## Problem description
Write out the opening lines of the data word for word, up to and including the line with "校团委书记吴佑波,HAHA体", and leave every picture and every later line out.

START Extracted material

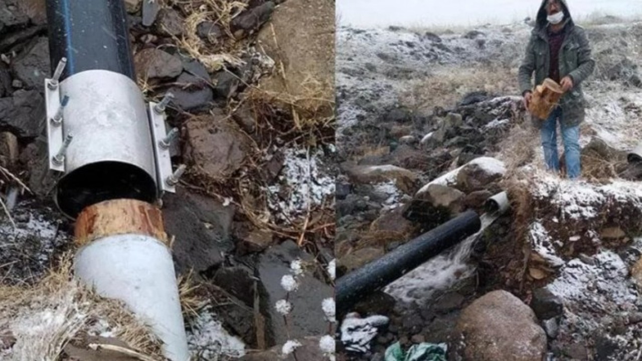 İlçe merkezinde arızayı bulamayan ekipler, Okçu köyü yaylasından geçen borunun birleşim noktasında bulunan kelepçenin sökülüp, yerine ağaç yerleştirildiğini tespit etti.
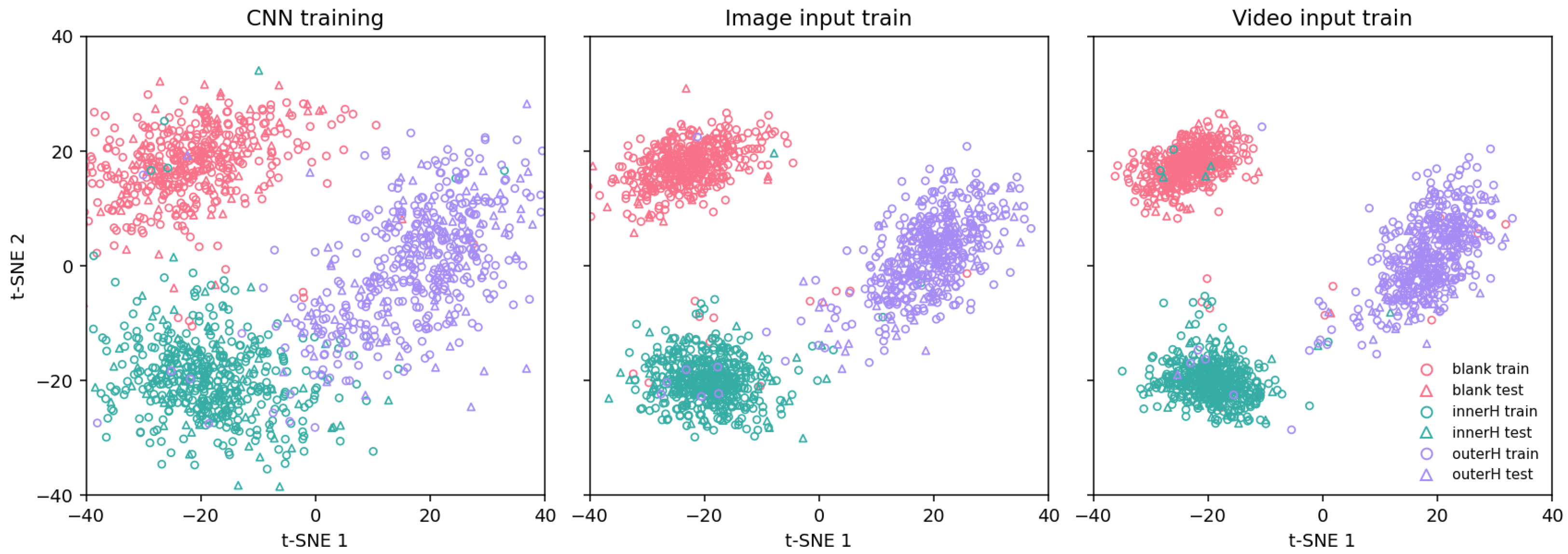 - For Scheme 2 (Video-based): The t-SNE visualization reveals three highly separable clusters. The large inter-cluster distances and high intra-cluster compactness are highly consistent with the quantitative accuracy of 95.44%, robustly demonstrating that the dynamic spatiotemporal features learned from the complete video sequence possess the most powerful discriminative ability.
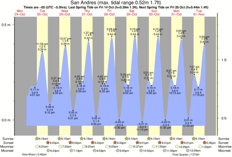 Tide Times are -05 (UTC -5.0hrs). Last Spring High Tide at San Andres was on Thu 18 Dec (height: 0.38m 1.2ft). Next high Spring Tide at San Andres will be on Thu 01 Jan (height: 0.48m 1.6ft).
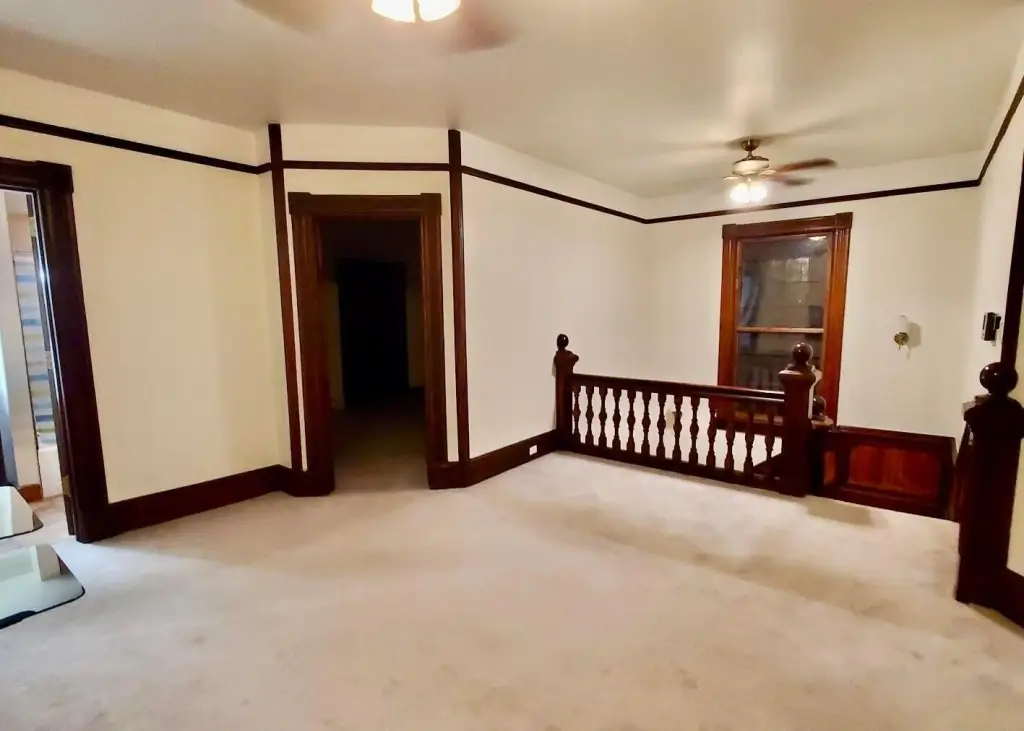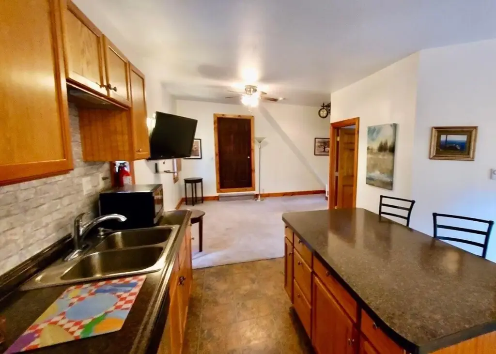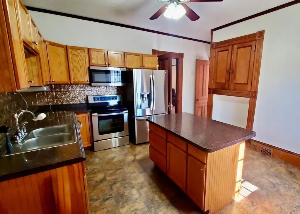 - Stone Counters, Apartment, Built-in Features, Ceiling Fan(s), Crown Molding, Kitchen Island, Natural Woodwork
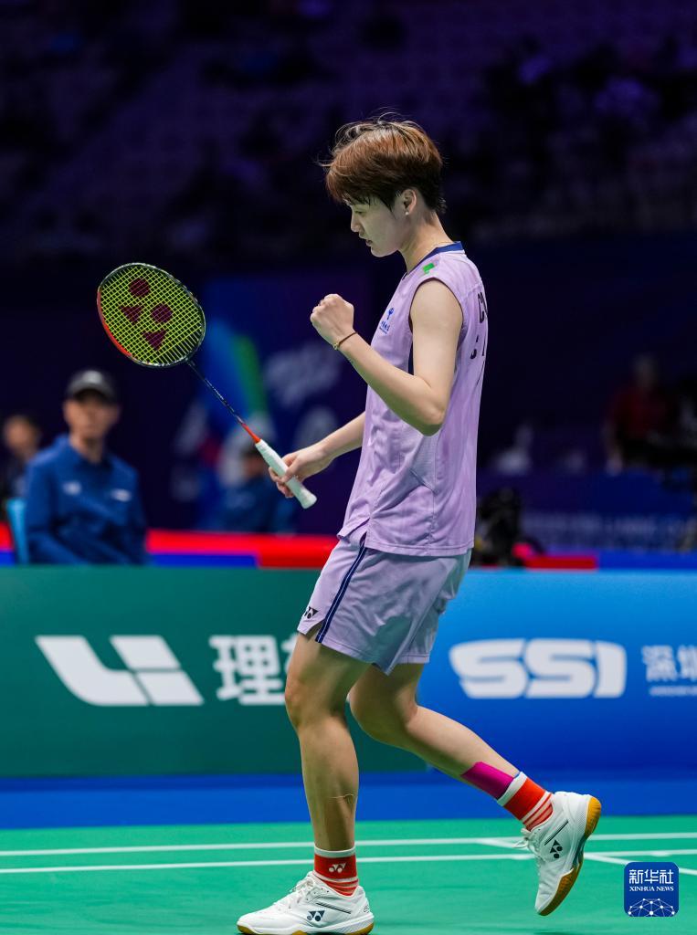 9月19日,陈雨菲在比赛中庆祝得分。
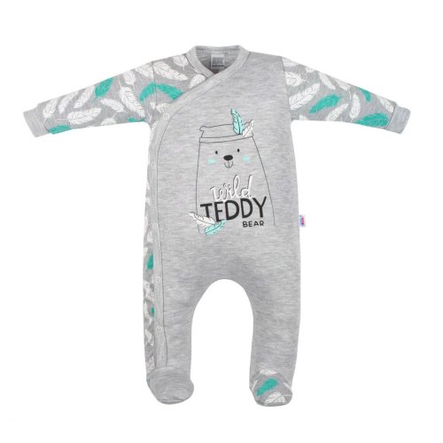 Bavlněný kojenecký overal české značky New Baby Wild Teddy pro miminka. Overálek má rukávky potištěné krásnými pírky, které jsou bezpochyby trendy. Přední část zdobí obrázek medvídka a nápis wild Teddy Bear. Moderní boční zapínání na cvočky po celé délce usnadňuje oblékání a přebalování. Složení: 100% bavlna.
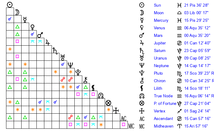 | Pluto | 17 Scorpio 39 | 3 Aquarius 10 | 16 Scorpio 57 |
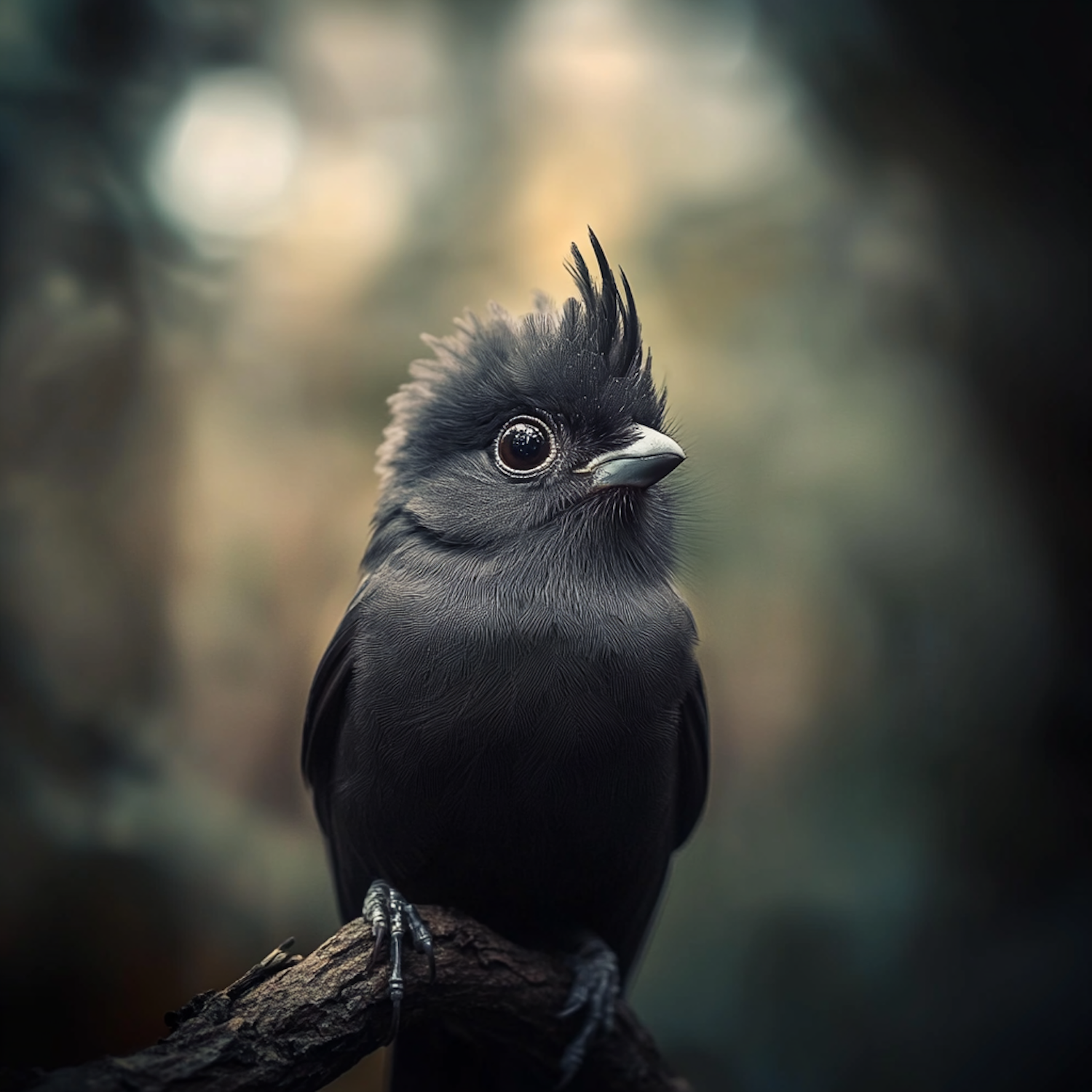 A small, dark-feathered bird with a crest sits on a branch, set against a blurred forest background.
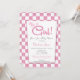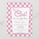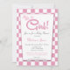 Um rosa giro É um convite para chás de fraldas para meninas com um fundo rosa e branco marcado.
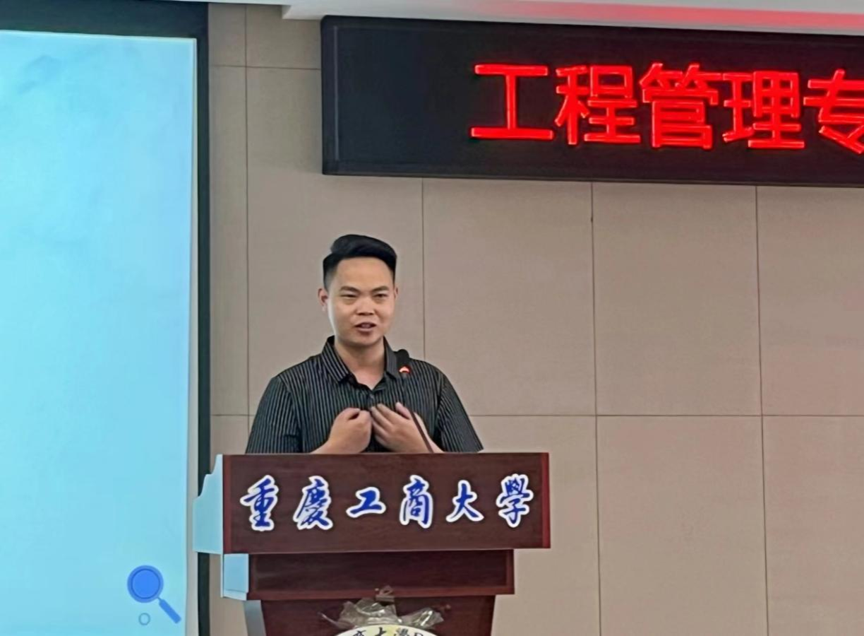校团委书记吴佑波,HAHA体育分党委副书记、纪委书记赵钰鑫,员工工作办公室主任古纯玉,工程管理系主任梁桂保,副主任梅中亚及工程管理专业员工代表出席本次活动。活动还特邀重庆红烛书院创始人金小龙先生,愉政企业管理培训有限公司创始人谢刚先生,重庆中交物业管理有限公司西部区域常务副总经理文强先生,重庆市建设项目管理有限公司咨询事业部部长张亚林先生作为嘉宾与在场的工程管理学子分享经验。
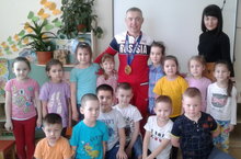 Сегодня воспитанники подготовительной группы №1 встретились с российским спортсменом, заслуженным мастером спорта России, паралимпийским чемпионом Рушаном Миннегуловым. Известный лыжник и биатлонист рассказал о том, как и когда начал заниматься спортом, какие имеет достижения и заслуги, посоветовал правильно питаться , заниматься физкультурой и вырабатывать силу воли и упорство. Ответив на вопросы детей, Рушан принял участие в шашечном турнире с сильнейшим игроком группы. В заключении дети поблагодарили спортсмена за встречу и сфотографировались с ним на долгую память.

END Extracted material

## Response box
 İlçe merkezinde arızayı bulamayan ekipler, Okçu köyü yaylasından geçen borunun birleşim noktasında bulunan kelepçenin sökülüp, yerine ağaç yerleştirildiğini tespit etti.
 - For Scheme 2 (Video-based): The t-SNE visualization reveals three highly separable clusters. The large inter-cluster distances and high intra-cluster compactness are highly consistent with the quantitative accuracy of 95.44%, robustly demonstrating that the dynamic spatiotemporal features learned from the complete video sequence possess the most powerful discriminative ability.
 Tide Times are -05 (UTC -5.0hrs). Last Spring High Tide at San Andres was on Thu 18 Dec (height: 0.38m 1.2ft). Next high Spring Tide at San Andres will be on Thu 01 Jan (height: 0.48m 1.6ft).
 - Stone Counters, Apartment, Built-in Features, Ceiling Fan(s), Crown Molding, Kitchen Island, Natural Woodwork
 9月19日,陈雨菲在比赛中庆祝得分。
 Bavlněný kojenecký overal české značky New Baby Wild Teddy pro miminka. Overálek má rukávky potištěné krásnými pírky, které jsou bezpochyby trendy. Přední část zdobí obrázek medvídka a nápis wild Teddy Bear. Moderní boční zapínání na cvočky po celé délce usnadňuje oblékání a přebalování. Složení: 100% bavlna.
 | Pluto | 17 Scorpio 39 | 3 Aquarius 10 | 16 Scorpio 57 |
 A small, dark-feathered bird with a crest sits on a branch, set against a blurred forest background.
 Um rosa giro É um convite para chás de fraldas para meninas com um fundo rosa e branco marcado.
校团委书记吴佑波,HAHA体育分党委副书记、纪委书记赵钰鑫,员工工作办公室主任古纯玉,工程管理系主任梁桂保,副主任梅中亚及工程管理专业员工代表出席本次活动。活动还特邀重庆红烛书院创始人金小龙先生,愉政企业管理培训有限公司创始人谢刚先生,重庆中交物业管理有限公司西部区域常务副总经理文强先生,重庆市建设项目管理有限公司咨询事业部部长张亚林先生作为嘉宾与在场的工程管理学子分享经验。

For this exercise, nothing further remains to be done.